Thursday, April 9, 2009

Husker Du - "New Day Rising" (LP Review)

Having already reviewed "Flip Your Wig", it's only right to return to Husker Du's "New Day Rising". NDR was released in early 1985 and FYW was released in late 1985. Most bands can go their whole career and never produce an LP of the caliber of NDR or FYW; for Husker Du to release two such LPs in less than a year is remarkable.

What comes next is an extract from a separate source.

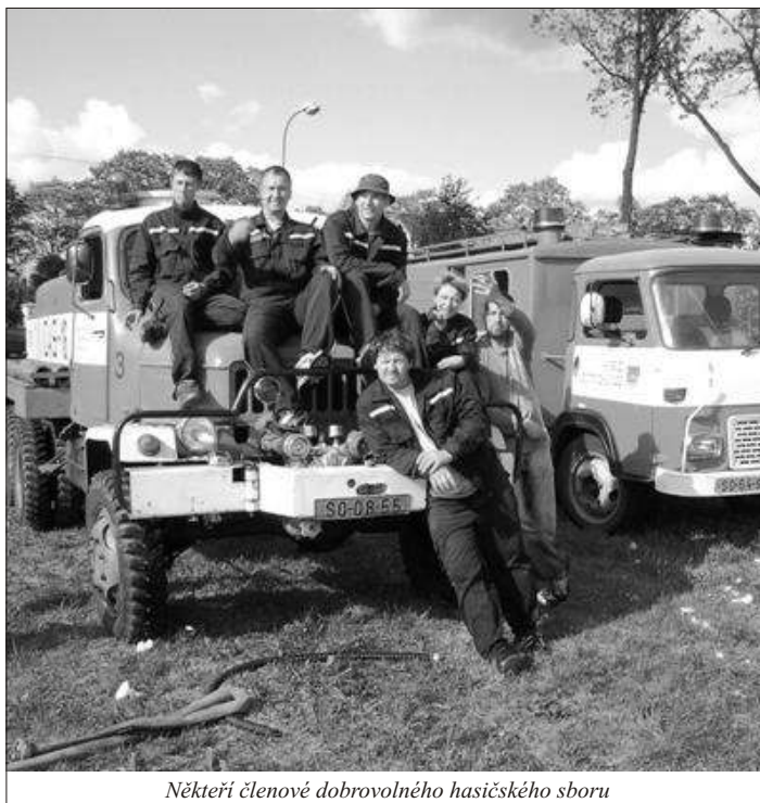
Někteří členové dobrovolného hasičského sboru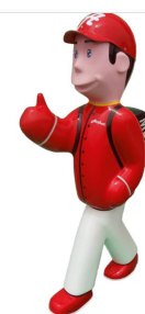
FIGURINE DE SIGNALISATION 3D: ARTHUR DYNAMIQUE CASQUETTE VISIERE AVANT

« Un impact visuel très fort (de jour comme de nuit) pour la sécurité des écoles incitant au réflexe : "Je ralentis parce qu'il y a des enfants..." ; . Renforcement de la sécurité des périmètres scolaires ainsi que les cheminements piétonniers des enfants ; . Grâce à leur grande taille de plus de 1,60 m, et à leur décoration aux couleurs vives, les personnages sont visibles de loin et deviennent vite les "copains" de nos enfants »

As discussed in the FYW review, NDR finds the band in transition from strictly hardcore punk to punk tempered with conventional pop music structure. That may sound like damning with faint praise, but it really just means there are strong vocal hooks to go with their blistering sound. This ain't Gap Punk...

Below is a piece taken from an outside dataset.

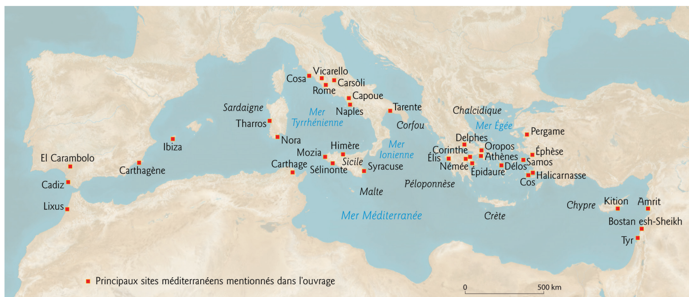
■ Principaux sites méditerranéens mentionnés dans l'ouvrage

and Springs at Syracuse : From Greece to Sicily, elle s'intéresse à deux sources emblématiques du territoire syracusain. Toutes deux ont pour points communs d'être des instruments de la fertilité civique et de la fécondité territoriale au service de l'essor de la cité corinthienne et d'être devenues le sujet de mythes fondateurs pour la culture à la fois locale et panhellénique. Aréthuse, source d'Ortygie, île syracusaine, serait une nymphe d'Artémis venue d'Élide jusqu'en Sicile pour échapper à la fougue amoureuse du fleuve Alphée : elle marquait le cœur de la ville nouvelle. Au contraire, Cyanè, source de la plaine syracusaine, serait une nymphe autochtone qui se serait opposée à Hadès lors du rapt de Koré. Sur ces deux sources, les témoignages de culte, attestés pour l'instant presque exclusivement par les textes, renvoient à de grandes divinités du panthéon grec : Artémis, pour Aréthuse, Déméter et Koré-Perséphone, associées au héros péloponnésien Héraklès, pour Cyanè. L'une instaure un lien éternel entre le Péloponnèse et la Sicile et identifie les nouveaux venus comme des éléments de la Koinè hellénique. L'autre intègre les Grecs dans la société indigène. Toutes deux tissent ainsi les contours d'une société originale et d'une histoire métissée, tout en rappelant les liens de parenté avec Corinthe où les sources étaient également des témoins de l'identité civique.

After reading the FYW review, Danette observed that I had not really dealt with the musicians themselves. Husker Du was a trio, consisting of guitarist Bob Mould, bassist Greg Norton and drummer Grant Hart. Mould and Hart were the principal songwriters. They occasionally collaborated, but most of the songs are individually written with Hart's contributions slowing increasing with each LP. Like any good songwriting tandem (e.g., Lennon/McCartney, Jagger/Richards), there was a great deal of friction and competition between Mould and Hart and it (exacerbated by substance abuse) would eventually split up the band. While Mould would go on to have a successful post-Husker Du career (both as a solo artist and in Sugar), Hart's output is more limited (solo and as Nova Mob). Norton apparently left the music industry altogether. But neither Mould nor Hart have since equaled their banner year of 1985.

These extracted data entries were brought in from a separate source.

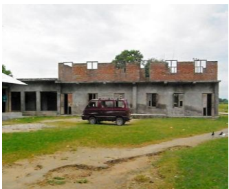
既存の校舎は老朽化が進み、 修復できなまま放置されています。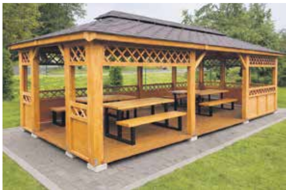
Wizualizacje nowego miejsca rekreacji w Gładyszach

Gmina Wilczęta planuje realizację kolejnego zadania, którego celem jest poprawa jakości przestrzeni publicznej oraz stworzenie mieszkańcom lepszych warunków do wypoczynku i integracji. W ramach programu „Małe Granty Sołectwie Marszałka Województwa Warmińsko-Mazurskiego” w 2026 roku przygotowane zostało zadanie pod nazwą „Tu się spotykamy, tu odpoczywamy – utworzenie placu rekreacyjnego w Gładyszach”.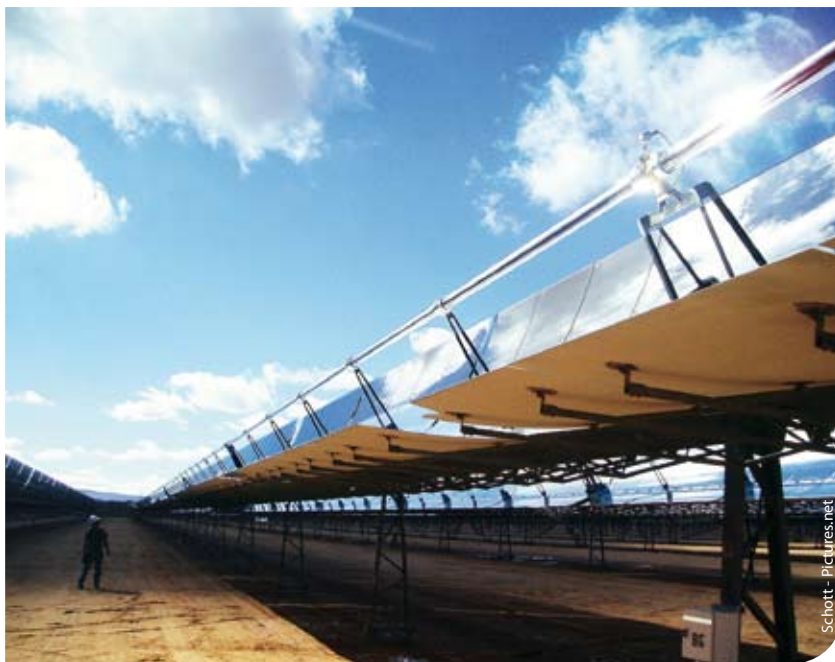
Großräumige Versorgung durch Solarenergie machen Kohlekraftwerke überflüssig, und am Atomausstieg müsste nicht gerüttelt werden.

Die Netze sind also von entscheidender Bedeutung für den Ausbau der Erneuerbaren Energien. Das Stromnetz wird allerdings heute von den Strom-Oligopolisten zur Erlangung von Wettbewerbsvorteilen im Bereich der Stromerzeugung und des Handels mit Strom missbraucht. Das Eigentum der Stromnetze in der Hand der Stromgiganten führt zwangsläufig zu einer Eigenbegünstigung. Daher müssen die Strom-

While I consider FYW to be a slightly better LP than NDR, I would also argue that NDR has better individual songs, even if they don't form the cohesive unit that FYW does listening from start to finish. Whereas FYW has "Makes No Sense At All", NDR has the title track "New Day Rising", "I Apologize", "Folk Lore", "Celebrated Summer" and "59 Times the Pain" that are all nearly as good as "Makes No Sense At All". The title track proves that it is possible to write an amazing song whose lyrics consist of simply repeating three words: "new day rising..." Listen to it and you'll be hooked.

But why I give FYW the nod over NDR is because tracks like "Perfect Example", "Powerline" and "How To Skin A Cat" are easily forgettable. The latter is punk/psychedelic noodling (in comparison, "Plans I Make" or the "Dreams Reoccurring"/"Reoccurring Dreams" pair from Zen Arcade are better examples of the sound they were after). The former two songs are not really bad, but they're not really good either. They're just there.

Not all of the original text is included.